Dataset excerpts:
-----
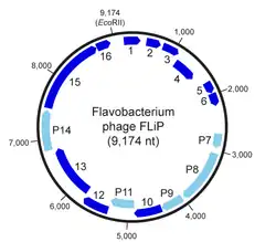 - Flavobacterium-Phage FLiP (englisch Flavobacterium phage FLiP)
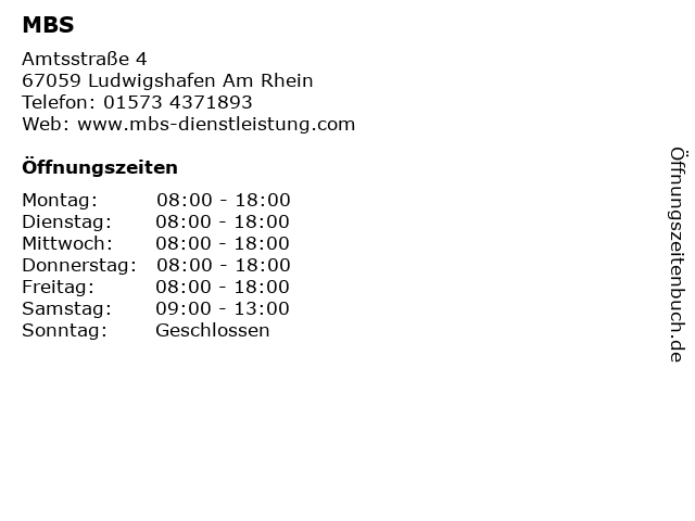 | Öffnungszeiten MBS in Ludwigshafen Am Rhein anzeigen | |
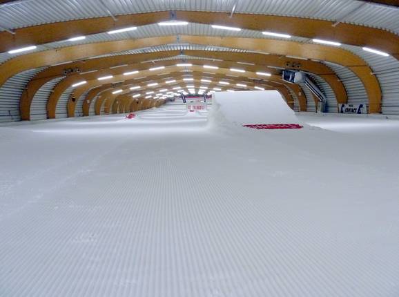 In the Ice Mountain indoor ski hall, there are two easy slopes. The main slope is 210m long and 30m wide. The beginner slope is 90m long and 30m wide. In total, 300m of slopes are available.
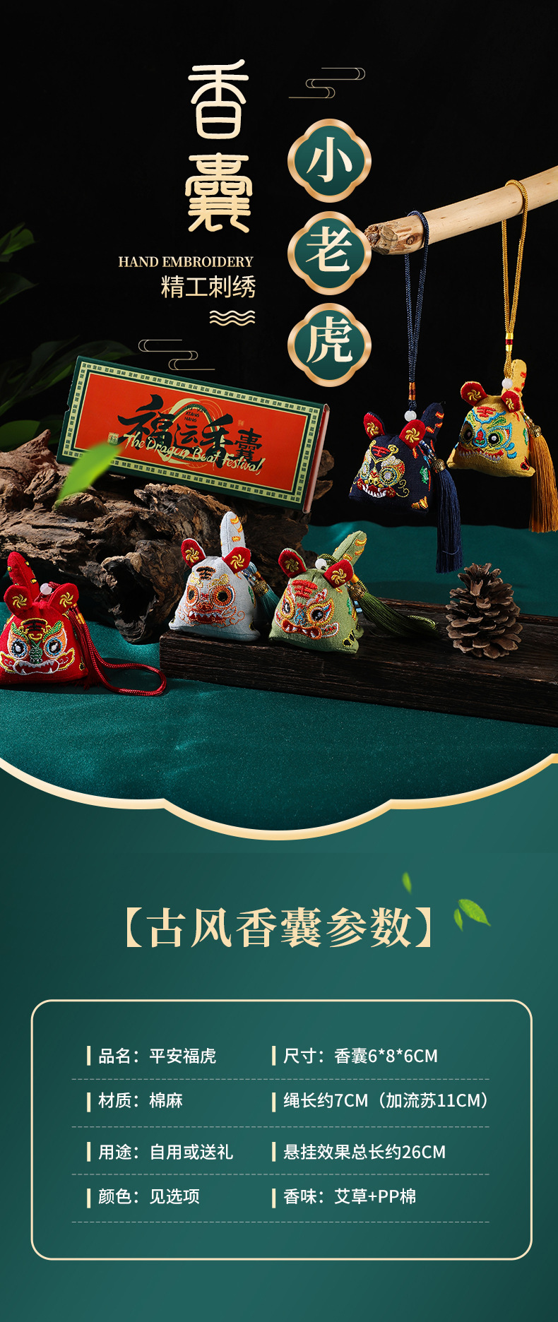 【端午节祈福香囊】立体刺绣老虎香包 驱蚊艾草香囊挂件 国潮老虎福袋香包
-----
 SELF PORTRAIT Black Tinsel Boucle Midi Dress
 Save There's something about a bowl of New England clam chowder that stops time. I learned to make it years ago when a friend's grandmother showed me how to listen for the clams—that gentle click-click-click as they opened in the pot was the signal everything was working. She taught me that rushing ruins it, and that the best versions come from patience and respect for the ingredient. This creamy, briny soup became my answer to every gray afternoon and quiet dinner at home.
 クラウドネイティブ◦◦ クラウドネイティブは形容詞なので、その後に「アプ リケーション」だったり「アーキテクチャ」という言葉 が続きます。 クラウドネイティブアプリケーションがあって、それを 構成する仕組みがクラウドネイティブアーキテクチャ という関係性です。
-----
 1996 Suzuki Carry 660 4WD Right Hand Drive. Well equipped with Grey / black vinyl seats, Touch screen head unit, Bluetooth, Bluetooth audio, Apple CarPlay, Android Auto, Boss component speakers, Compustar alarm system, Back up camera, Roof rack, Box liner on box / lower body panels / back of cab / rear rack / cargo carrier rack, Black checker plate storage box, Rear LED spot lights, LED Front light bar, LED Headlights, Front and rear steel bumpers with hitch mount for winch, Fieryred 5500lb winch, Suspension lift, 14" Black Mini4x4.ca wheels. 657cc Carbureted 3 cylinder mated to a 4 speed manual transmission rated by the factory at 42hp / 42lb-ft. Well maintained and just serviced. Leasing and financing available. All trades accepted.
-----
Assignment:
From the records above, print only the lines between the one holding "SELF PORTRAIT Black Tinsel Boucle Midi Dress" and the one holding "クラウドネイティブ◦◦ クラウドネイティブは形容詞なので、その後に「アプ リケーション」だったり「アーキテクチャ」という言葉", inclusive, exactly as they stand.

Answer:
 SELF PORTRAIT Black Tinsel Boucle Midi Dress
 Save There's something about a bowl of New England clam chowder that stops time. I learned to make it years ago when a friend's grandmother showed me how to listen for the clams—that gentle click-click-click as they opened in the pot was the signal everything was working. She taught me that rushing ruins it, and that the best versions come from patience and respect for the ingredient. This creamy, briny soup became my answer to every gray afternoon and quiet dinner at home.
 クラウドネイティブ◦◦ クラウドネイティブは形容詞なので、その後に「アプ リケーション」だったり「アーキテクチャ」という言葉 が続きます。 クラウドネイティブアプリケーションがあって、それを 構成する仕組みがクラウドネイティブアーキテクチャ という関係性です。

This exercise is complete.